The Federal Arbitration Act, the dissenting justices argued, does not give employers cover to violate workers’ right to protect their interests in concert by forcing them to sign “take-it-or-leave-it” contracts requiring mandatory arbitration as a condition of employment.

“The inevitable result of today’s decision will be the underenforcement of federal and state statutes designed to advance the well-being of vulnerable workers,” Ginsberg wrote. “The probable impact on wage and hours claims of the kind asserted in the cases now before the Court is all too evident. Violations of minimum-wage and overtime laws are widespread.”

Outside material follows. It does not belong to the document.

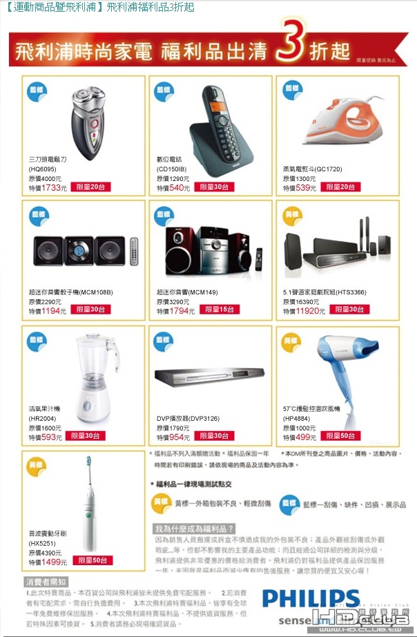 【已結束】6/19 ~ 7/2 運動商品暨利浦福利品特賣會(福利品出清三折)

Proponents say mandatory arbitration prevents costly litigation and, without it, employers would get rid of arbitration altogether, robbing nonunion works of their only option for a quick and uncostly resolution to workplace disputes outside the courtroom. However, the NAACP argued in a brief filed with the court that forcing workers to challenging discrimination alone and outside the courtroom poses a serious threat to civil rights enforcement.

Proving workplace discrimination, particularly on grounds of race and gender, usually requires identifying a “disparate impact” on a certain group or a common pattern of practice that disproportionately affects certain workers. Providing evidence of discrimination on the job is much more difficult when workers must present their cases one-by-one and in private, rather than by sharing their stories and working together.

For decades, concerted efforts by workers to assert their rights have effectively challenged racial and gender discrimination at job sites across the country, forcing large employers to change their ways, according the to the NAACP.

“If employers can preclude workers from acting together in every forum, they can — and will — effectively extinguish the civil rights claims of the most vulnerable members of the workforce,” the NAACP wrote.

Echoing the dissenting justices, McNicholas said Congress should restore the right to engage in “collective action” for millions of workers by banning mandatory arbitration agreements, but such legislation is unlikely as long as Republicans control Congress.